Confident Rooms Collapse the Loudest
Inheriting confidence from machines as the illusion of the competent professional
I have two court cases open in Spain.

Both involve professionals so disgustingly confident they couldn’t be bothered to do the job — or in one case, even start it. Quoted high. Responded late. Always arrives God-knows-when. Absolutely certain throughout. No apology. No self-doubt. Not a single moment of professional shame.
And here’s what still unsettles me the most: they’re still in business.
Still quoting high. Still certain. Perfect conviction from start to disaster. They don't own a pair of pants on paper. Untouchable by law.
Which means I’ve been paying the wrong tax.
The confidence tax is not a penalty on incompetence. Confidence has nothing to do with competence. It’s a penalty on the appearance of uncertainty.

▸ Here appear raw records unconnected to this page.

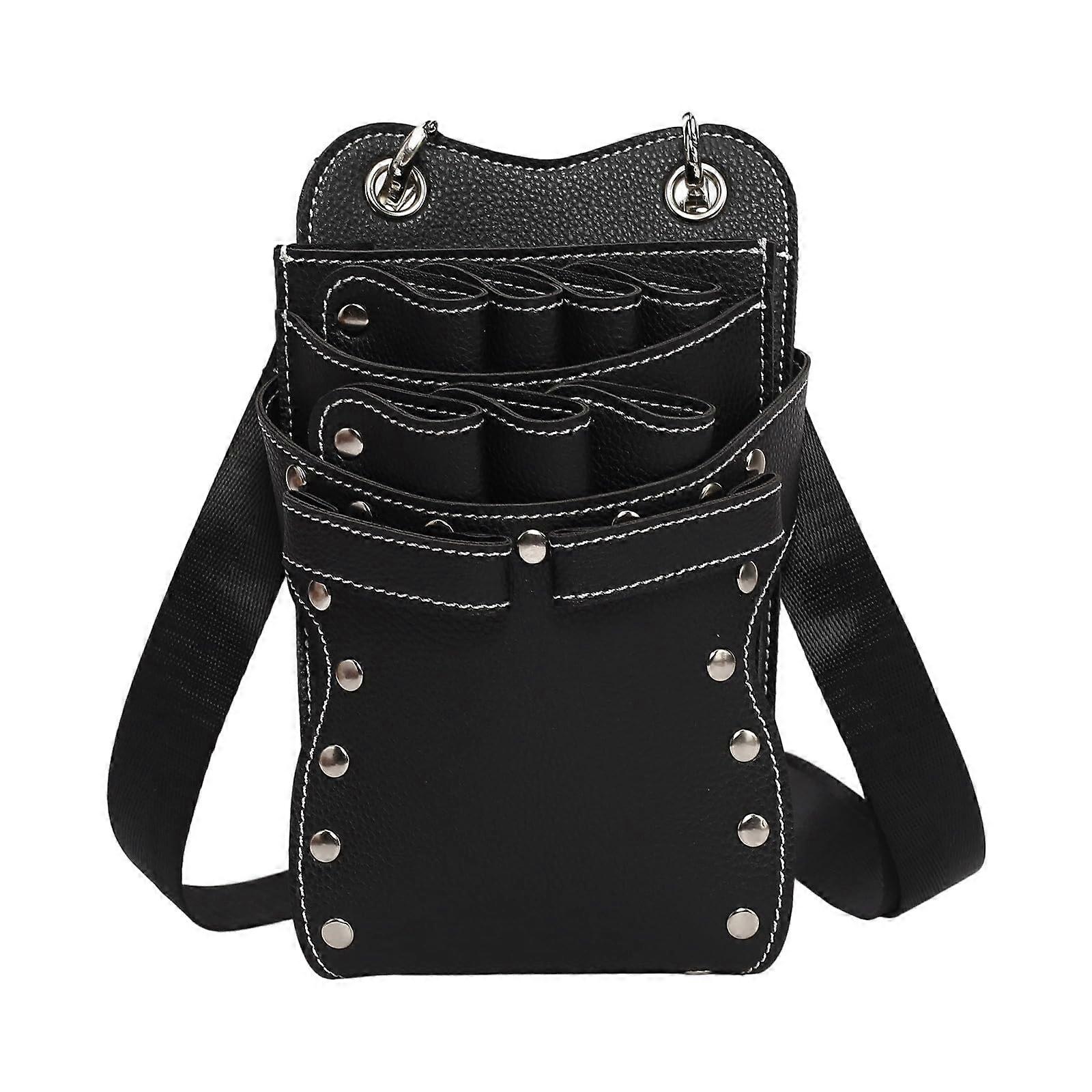 Hairdressing Scissor Holster PU Leather Barber Tool Pouch 7 Pocket with Adjustable Crossbody Strap
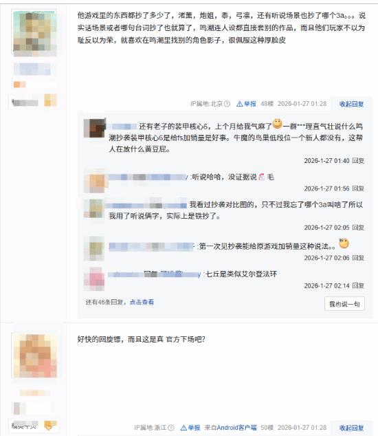 该视频是鸣潮官方主导的商单二创,并非普通玩家自发创作,因此玩家认为官方应对内容审核不严负责。随后该事件引发了明日方舟与鸣潮玩家的激烈争论,“尾气厂”(玩家对鸣潮的调侃称呼)的外号再次被提及,不少玩家认为这是鸣潮又一次 “借鉴” 其他二游的实锤。
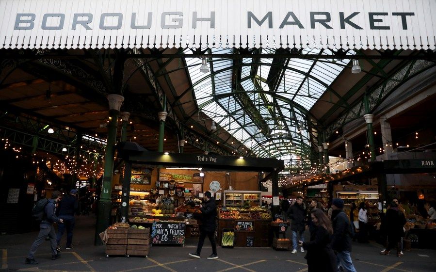 2023年2月9日,人们在英国伦敦博罗市场内采购。新华社记者李颖摄
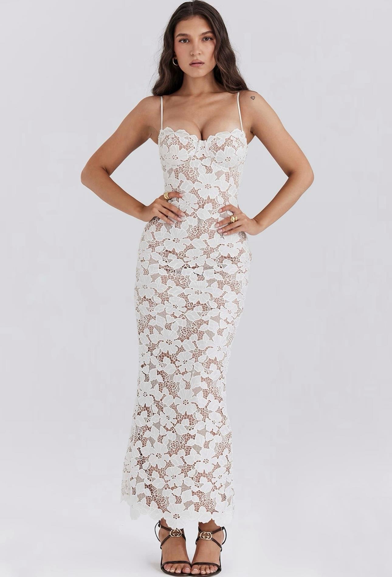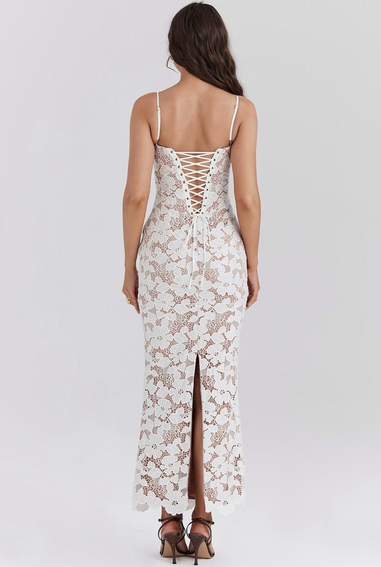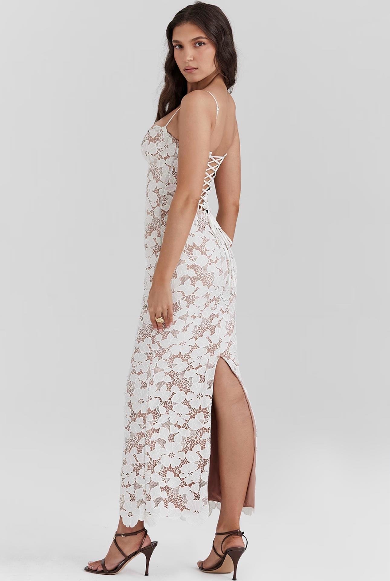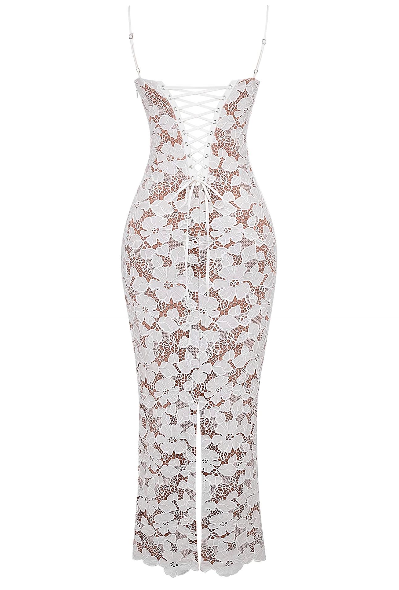 Askılı Beyaz Dantel Midi Tasarım Elbise (DA0002982)

The market doesn’t price what you know. It prices how sure you look knowing it.
This isn’t new. Ironically, AI made it expensive in ways we haven’t fully named yet.
Two years ago, fluency with AI tools made you interesting. Today its absence makes you a liability. The floor moved. No announcement came with it. Expectations towards an entire generation of professionals have shifted — quietly, completely.
Now professionals are performing certainty they don’t have, in tools they half-understand, for rooms full of people doing exactly the same.
Fake smiles. Congratulations. Nobody is asking uncomfortable questions.
God forbid we disturb this spectacle too early.
ManpowerGroup’s 2026 Global Talent Barometer surveyed nearly 14,000 workers across 19 countries. AI usage jumped 13%. Confidence in using it dropped 18%. Workers are being handed tools without training, context or support. The same report names a new trend: Job Hugging — professionals sticking to the current roles out of fear of layoffs, economic anxiety, a job market that punishes movement. Stability over growth. Safety over risk. Anticipated results: confidence collapsing quietly from the inside. That poison we slowly drink over a longer period of time is weakening our self-esteem. We chose this for ourselves.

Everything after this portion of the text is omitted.